Le chef de l’Etat qui fait office de  président du RPG tente de reprendre la main dans la crise que traverse le parti au pouvoir, miné par une fronde de la jeunesse. Après avoir pensé sans doute battre les frondeurs à l’usure, Alpha Condé s’est finalement ravisé, en  optant pour des échanges directs avec les militants de la base, qui ont été  conviés à travers   les comités de  la jeunesse et des femmes au palais présidentiel, dimanche dernier.

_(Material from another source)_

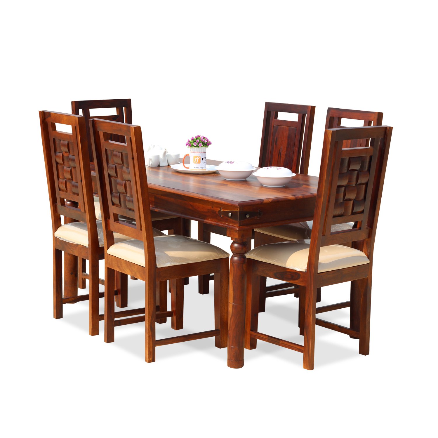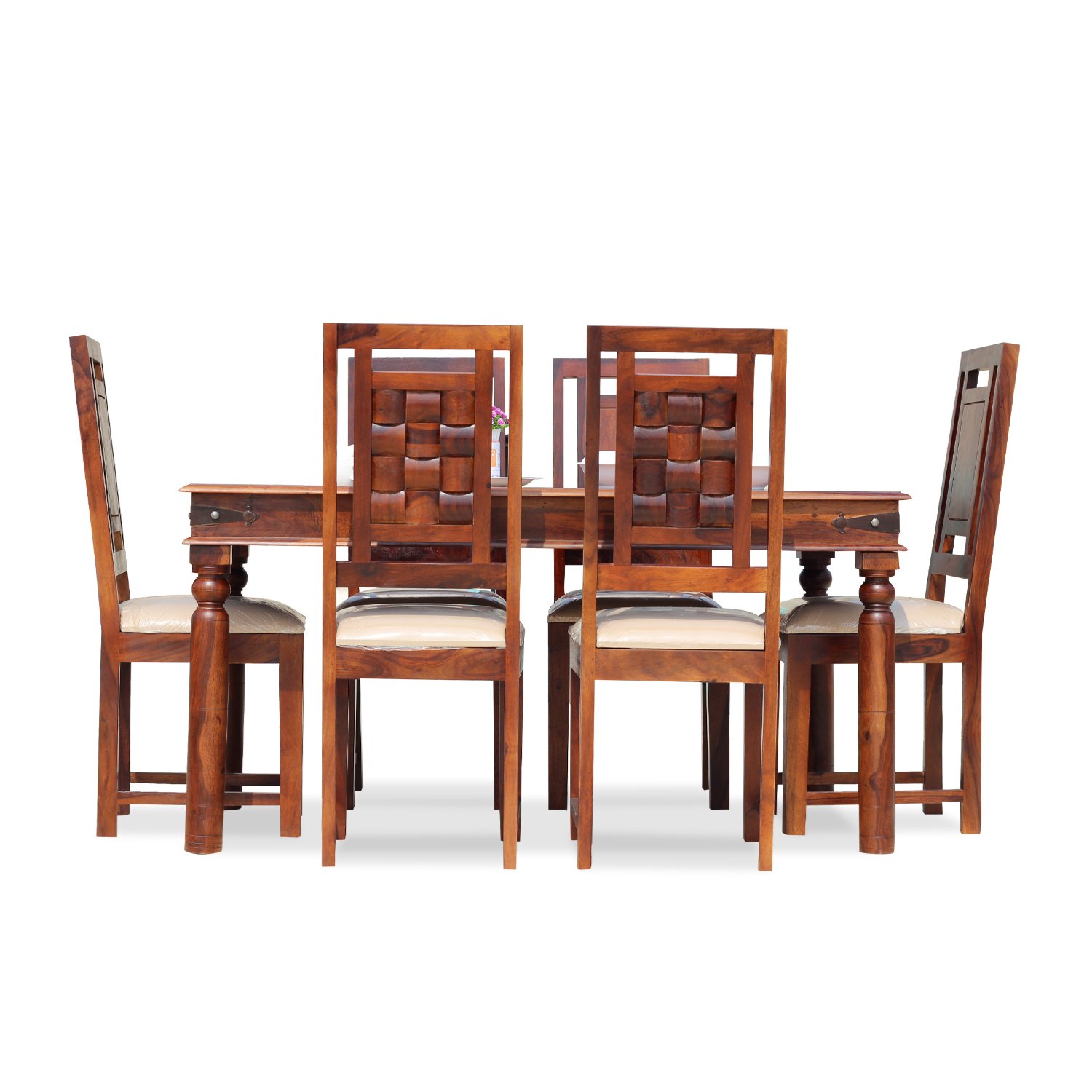 Thecsr Dali 6 Seater Dining Set in Natural Premium Furniture Sheesham Wood
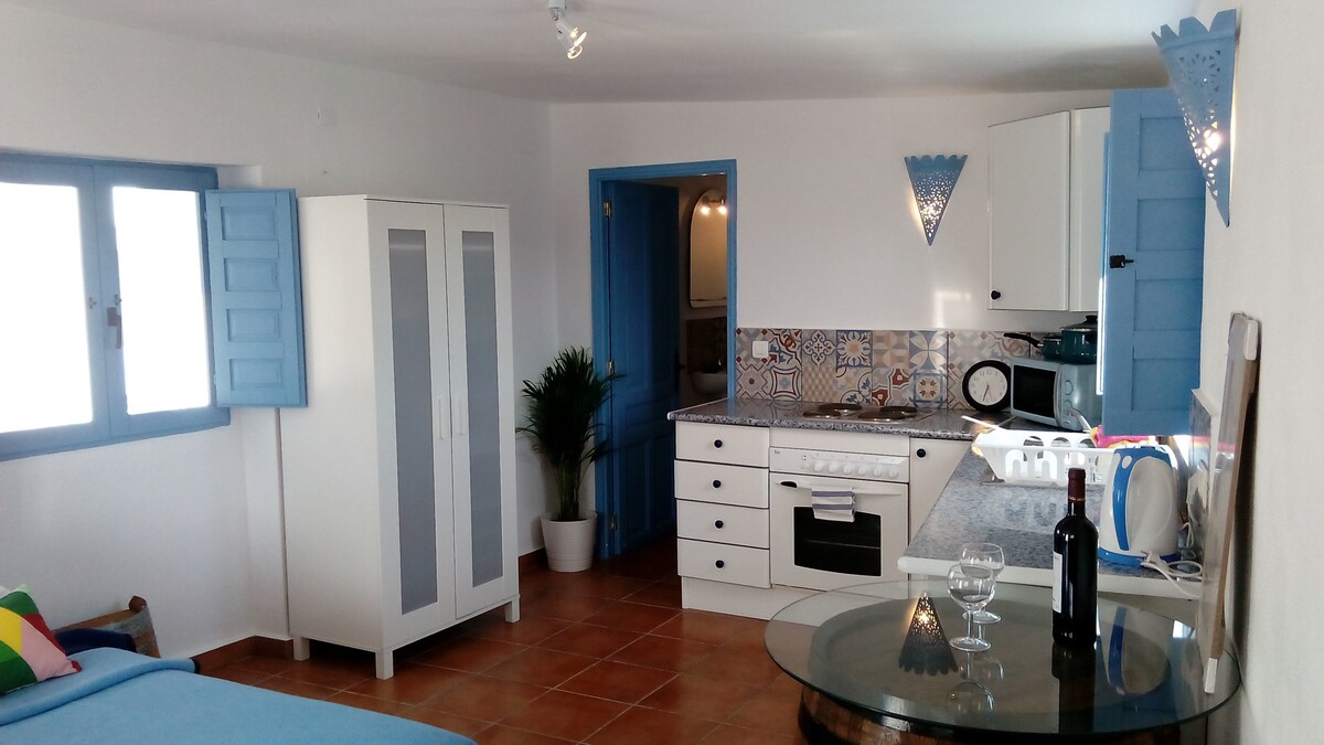 Disconnect from the routine in this unique and relaxing accommodation. "The Love Suite Niwalas is a cortijo for a romantic stay with your partner. There is a large 160cm bed, a bathtub and a kitchen. In front of the cortijo there is a small terrace for dinner or breakfast with views of the peak of the sierra Nevada. There is a fireplace, wifi and AC and washing machine. There is a swimming pool but it is shared with the owners of the house. Nudism allowed

Le président Alpha Condé semble avoir  pris à bras le corps la crise qui mine son parti, en vue de sa résolution. C’est le moins qu’on puisse écrire. Quand on sait que  la jeunesse n’est plus sur la même longueur d’onde que la direction du RPG, qu’elle défie ouvertement pour son « incurie. » Il faut dire que  les frondeurs ont osé franchir la ligne rouge en boudant les différentes assemblées ordinaires organisées ces dernières semaines au siège flambant neuf du RPG, situé au quartier gbessia. Les défilés des ministres Tidjane Traoré, Albert Damantang Camara, Bantama Sow devant le pupitre dressé dans la salle de conférence du RPG,  avec des discours mirifiques, n’ont pas réussi à faire revenir les frondeurs à de meilleurs sentiments. Le parti là l’une de ces crises majeures depuis sa création il y a près d’un quart de siècle.  Les  frondeurs réclament certes du pain, vu tous les efforts fournis pour leur « champion », qui s’est succédé à lui-même, à la faveur de la présidentielle du 11 octobre dernier, mais ils dénoncent aussi « la gouvernance » actuelle, sur laquelle ils émettent de sérieuses réserves.

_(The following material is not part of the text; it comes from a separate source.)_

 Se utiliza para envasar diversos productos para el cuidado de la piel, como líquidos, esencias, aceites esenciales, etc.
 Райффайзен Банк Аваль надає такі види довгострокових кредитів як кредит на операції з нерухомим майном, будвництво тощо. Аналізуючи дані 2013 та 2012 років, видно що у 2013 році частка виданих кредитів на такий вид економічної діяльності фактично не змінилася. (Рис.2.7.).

Cette défiance vis-à-vis du gouvernement d’Alpha Condé, de la part de son propre camp a dû surprendre le chef de l’Etat, qui semble n’avoir pas été préparé à cela. Surtout dans ce pays où le culte de la personnalité conforte les gouvernants dans leurs impairs.

Les frondeurs voudraient éviter que des désagréments auxquels le pays fait face par la faute de la mauvaise gouvernance actuelle ne se répètent, d’où leur appel à des réformes. Des réformes qui vont aussi être répercutés au sein du parti au pouvoir, où le renouvellement du bureau politique s’impose, selon eux.

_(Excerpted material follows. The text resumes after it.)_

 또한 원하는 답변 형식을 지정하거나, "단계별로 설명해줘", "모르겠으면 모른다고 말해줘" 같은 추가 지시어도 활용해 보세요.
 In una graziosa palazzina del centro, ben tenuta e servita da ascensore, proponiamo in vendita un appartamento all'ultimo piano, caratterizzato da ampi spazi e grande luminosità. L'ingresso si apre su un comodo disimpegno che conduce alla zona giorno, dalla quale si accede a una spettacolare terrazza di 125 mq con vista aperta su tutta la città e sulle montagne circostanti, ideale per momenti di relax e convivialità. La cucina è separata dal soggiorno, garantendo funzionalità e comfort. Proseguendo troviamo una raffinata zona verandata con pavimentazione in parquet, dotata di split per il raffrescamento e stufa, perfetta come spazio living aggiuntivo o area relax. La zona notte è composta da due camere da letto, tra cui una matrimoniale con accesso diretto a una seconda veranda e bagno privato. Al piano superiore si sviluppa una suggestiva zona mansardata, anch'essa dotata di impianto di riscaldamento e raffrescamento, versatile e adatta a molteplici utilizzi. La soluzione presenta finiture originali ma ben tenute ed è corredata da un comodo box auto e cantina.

Le président qui veut sans doute parer au plus pressé, au moment où une hémorragie est en train de se produire dans les rangs du RPG-arc-en-ciel, saura certainement répondre  aux attentes de ses militants.

Vouloir régler des comptes aux frondeurs en initiant un mouvement de soutien au président comme cela a été suggéré par des faucons du parti ne serait qu’un leurre.

Attendons donc de voir si Alpha parviendra  à sauver la baraque en prêtant une oreille attentive aux doléances de ses militants. Car comme l’a dit Albert Einstein « Un problème sans solution est un problème mal posé ». Le parti au pouvoir peut sortir de cette mauvaise passe, si entre la base et le sommet, il y a une communion d’idées.